● EXERCISE DETAILS
Here is a listing, set out below; repeat its lines from the one with "This guide is" to the last, both included, and leave out the pictures.

───── INFORMATION

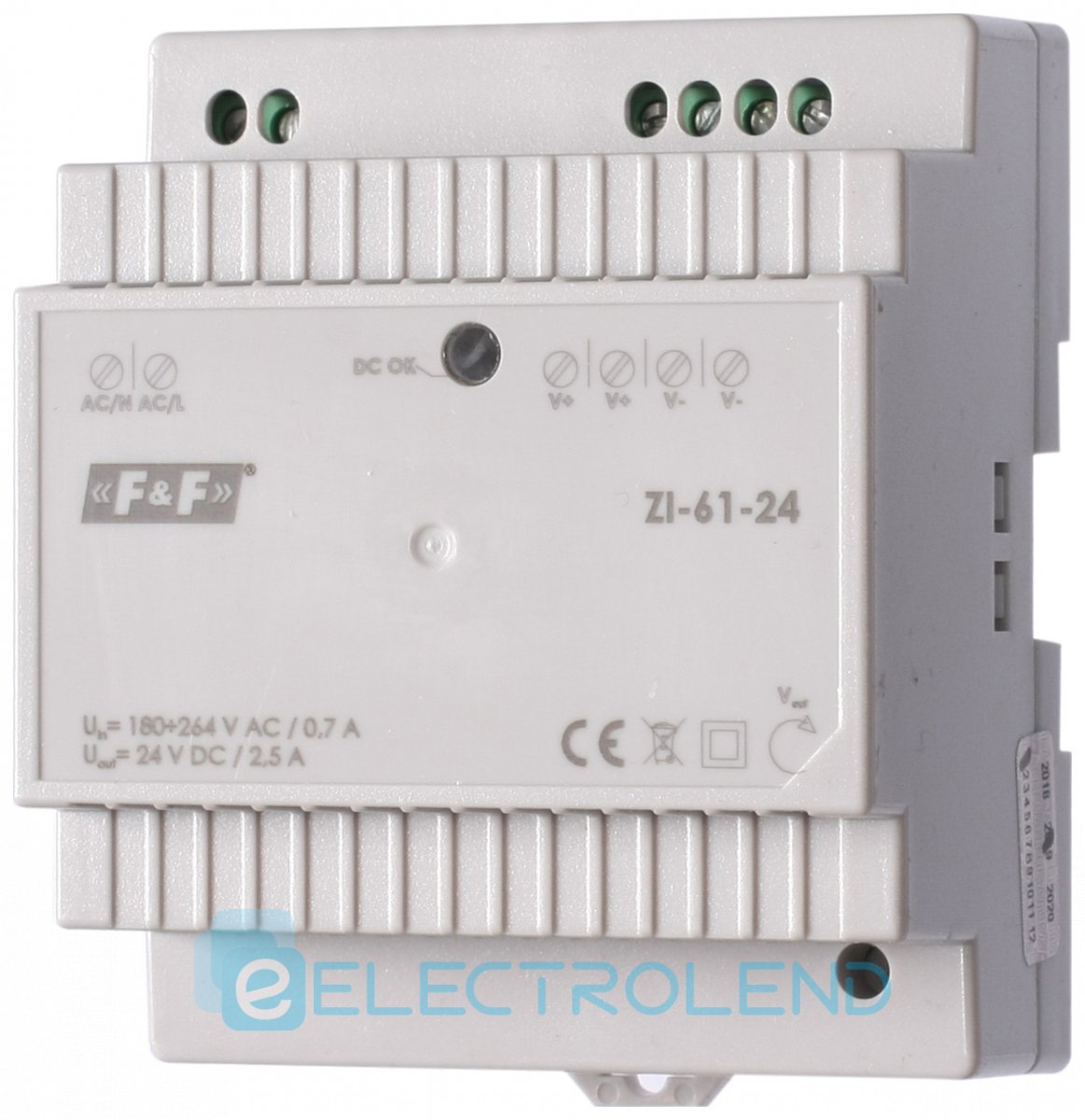 Импульсный. Входное напряжение 180-264В AC. Выходное напряжение 24В DC. Выходная мощность 60Вт.
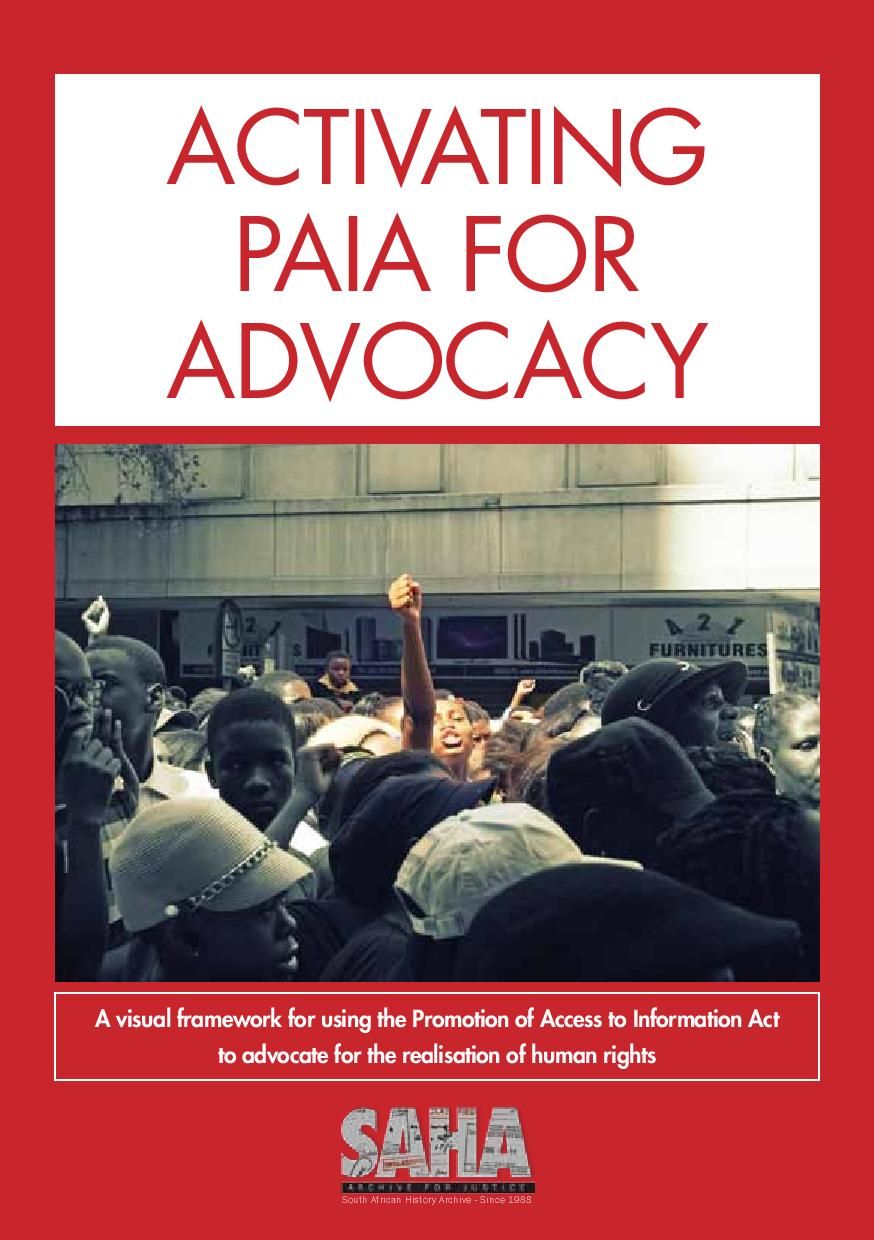This guide is designed to provide a visual framework that aims to assist individuals, communities and organisations in activating information to advocate for changes that will ensure the realisation of their human rights. The guide highlights the role of the Promotion of Access to Information Act, 2000 (PAIA) as a strategic advocacy tool that can be used when advocating for human rights.
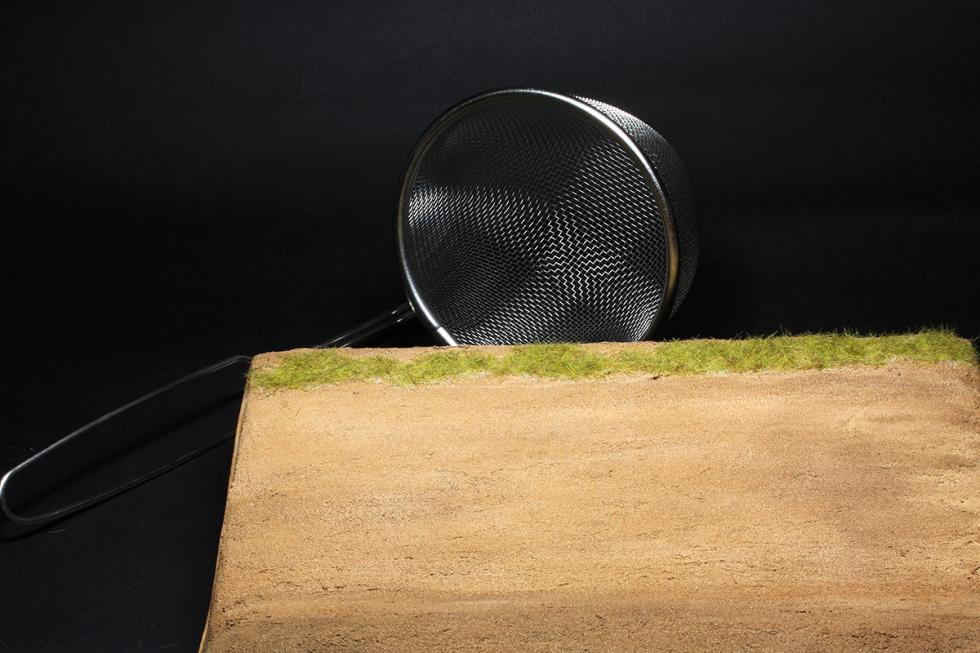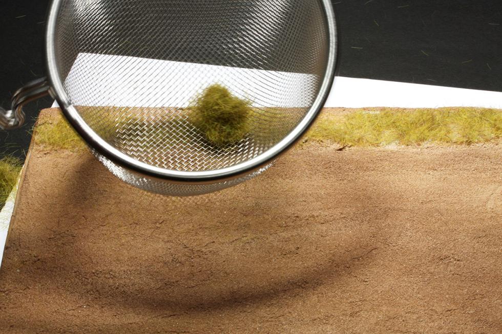 3) 사진과 같이 철망간격이 약2mm 정도의 채나 망을 이용하여 스타틱그라스를 뿌려줍니다.
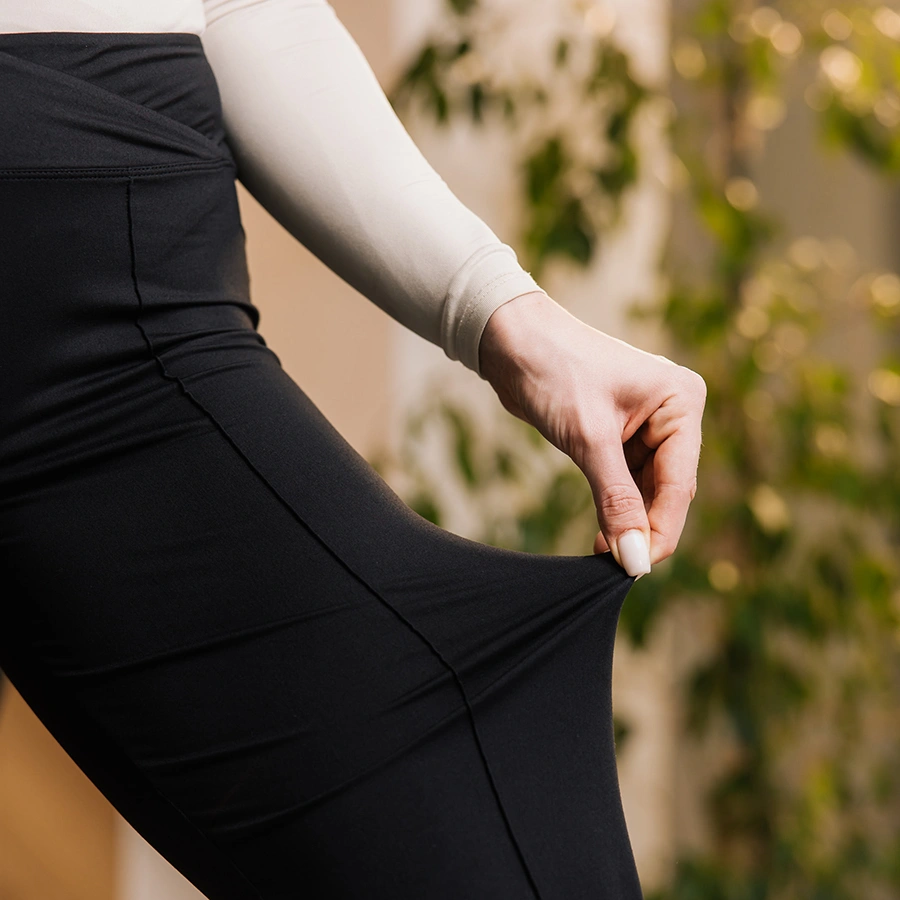 - Rivoltare i leggings portando il lato interno all'esterno prima del lavaggio
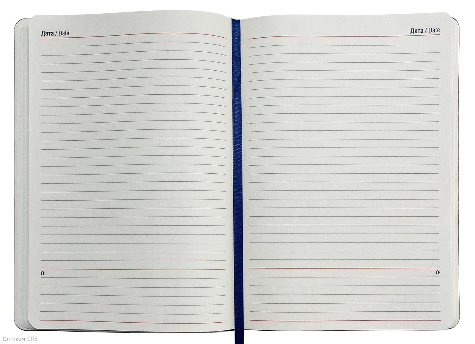 Ежедневник Qredo Flex имеет интегральную гибкую обложку из искусственной кожи темно-синего цвета. Внутренний блок выполнен из тонированной бумаги кремового цвета плотностью 70 г/м2. Имеет двухцветную линовку. Справочно-информационный раздел включает в себя страницы с блоком личных данных, сбалансированными целями и планами на год, важными датами, единицами измерения, размерами одежды, обуви, форматы бумаг, телефонные коды городов России, нормы калорий. Оснащен резинкой для предотвращения мех...

──────────

● TASK ANSWER
This guide is designed to provide a visual framework that aims to assist individuals, communities and organisations in activating information to advocate for changes that will ensure the realisation of their human rights. The guide highlights the role of the Promotion of Access to Information Act, 2000 (PAIA) as a strategic advocacy tool that can be used when advocating for human rights.
 3) 사진과 같이 철망간격이 약2mm 정도의 채나 망을 이용하여 스타틱그라스를 뿌려줍니다.
 - Rivoltare i leggings portando il lato interno all'esterno prima del lavaggio
 Ежедневник Qredo Flex имеет интегральную гибкую обложку из искусственной кожи темно-синего цвета. Внутренний блок выполнен из тонированной бумаги кремового цвета плотностью 70 г/м2. Имеет двухцветную линовку. Справочно-информационный раздел включает в себя страницы с блоком личных данных, сбалансированными целями и планами на год, важными датами, единицами измерения, размерами одежды, обуви, форматы бумаг, телефонные коды городов России, нормы калорий. Оснащен резинкой для предотвращения мех...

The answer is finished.